JPH0432004A - Reading circuit for floppy disk device - Google Patents

Abstract

PURPOSE:To follow up the variance in output amplitude of a floppy disk by providing a variable level slicing circuit and a delay circuit. CONSTITUTION:The voltage signal outputted from a magnetic head 12 is subjected to full-wave rectification, and the voltage signal subjected to full-wave rectification is smoothed to determine a threshold, and the voltage signal subjected to full-wave rectification is compared with the threshold, and a variable level slicing circuit 26 outputs a pulse signal based on the comparison result. A delay circuit 28 is provided which delays the pulse signal from the variable level slicing circuit 26 in accordance with the phase deviation time of a differentiator 18 and interrupts the operation of a comparator 20 by this pulse signal. Thus, even the variance in amplitude of the voltage signal related to read of a floppy disk 10 is followed up, and an influence of a saddle continuing for a long time is excluded to take a large saddle margin.

Description

DETAILED DESCRIPTION OF THE INVENTION [Field of Industrial Application] The present invention relates to a reading circuit for a floppy disk device (hereinafter referred to as FDD), and in particular to an improvement in a configuration for eliminating a saddle.

[Prior Art] Floppy disks, which are polyester disks coated with magnetic powder, are widely used as auxiliary memories in computers, word processors, etc. as large-capacity, rewritable memories. In a floppy disk, information is recorded as magnetization changes of residual magnetization, and the magnetization changes are converted into voltage changes by a magnetic head and read out.

FIG. 7 shows the configuration of a conventional FDD reading circuit.

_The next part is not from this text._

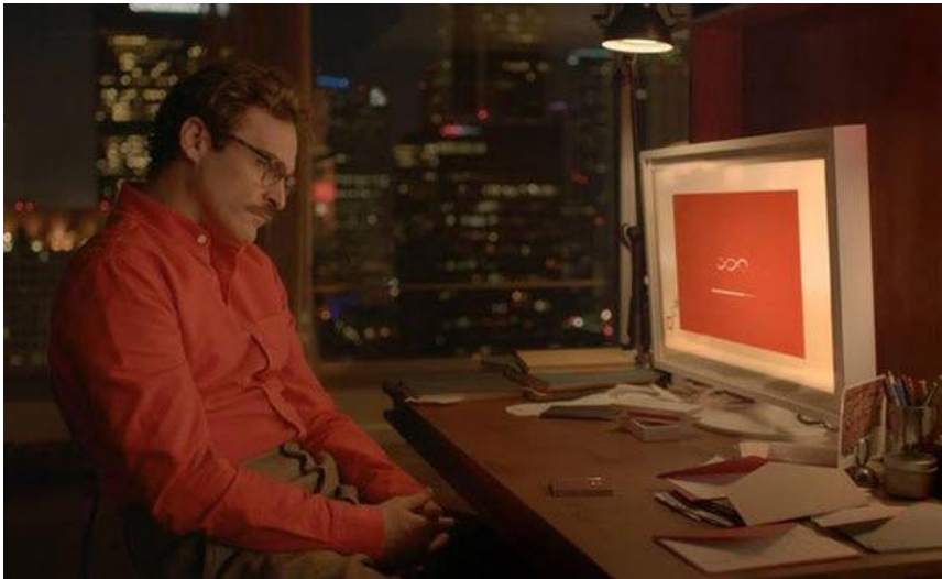
Joaquin Phoenix in Her , 2013

LC: In your new book, The Flesh of Images , you talk about the notion of visibility in relation to the flesh. Is your notion of visibility related to what you have just talked about, the co-constitution of these oppositional pairs?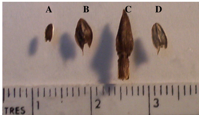
Figure 2.1 The seed size of Z. angustifolia cv. 'Starbright' (A), Z. haageana cv. 'Persian carpet' (B), Z. elegans cv. 'Dreamland' (C) and Z. elegans cv. 'Profusion'(D).

Sixteen cultivars of Zinnia spp. including Z. angustifolia cv. 'Starbright', Z. haageana cv. 'Persian carpet', cv. 'Chippendale daisy', Z. elegans cv. 'Short stuff', cv. 'Dreamland', cv. 'Jupiter', cv. 'Border beauty', cv. 'Peter pan', cv. 'Dahlia', cv. 'Candy cane', cv. 'Jungle', cv. 'Giant', cv. 'Gold medal', cv. 'Piccolo', cv. 'Sinnita' and a hybrid ( Z. elegans x Z. angustifolia ) cv. 'Profusion' were used as plant materials in this studied. Seed of Zinnia spp. were taken from the AFM Flower Seed & Agriculture Co. Ltd. Seed size are shown in Figure 2.1 and picture of all cultivars have shown in Table 2.1 and Figure 2.2 - 2.6

In this figure, a magnetic head 12 reads magnetization changes recorded on the surface of a floppy disk 10 as voltage changes, an amplifier 14 amplifies the voltage changes read by the magnetic head 12, and an amplifier 14 that lowers the output. A low-pass filter 16 that performs bandpass filtering, a differentiator 18 that differentiates the output of the low-pass filter 16, and a comparator 2 that detects zero crossings of the output of the differentiator 18 and outputs a waveform signal.
0, a time domain filter 22 that filters the output of the comparator 20 in the time domain, and a pulse shaper 24 that shapes and generates a pulse signal from the output of the time domain filter 22.

FIG. 8 shows the operation of this conventional example.

In FIG. 8(A), a magnetization change 100 indicated by an arrow is recorded on the surface of the floppy disk 10. In FIG.

The magnetic head 12 reads this magnetization change 100 and supplies it to the low-pass filter 16 via the amplifier 14. The voltage waveform output from the low-pass filter 16 to the differentiator 18 becomes a waveform 102 as shown in FIG. 8(B). The waveform 102 has a peak at a portion where the magnetization change 100 is reversed.

When the waveform 102 is differentiated by the differentiator 18, FIG.
) is a differential waveform 104 shown in FIG. Furthermore, when this is supplied to the comparator 20, a square wave signal 106 as shown in FIG. 8(D) is obtained. That is, the comparator 20 detects the zero cross of the differential waveform 104 shown in FIG. 8(C), and creates a square wave signal 106 that is inverted at this zero cross point.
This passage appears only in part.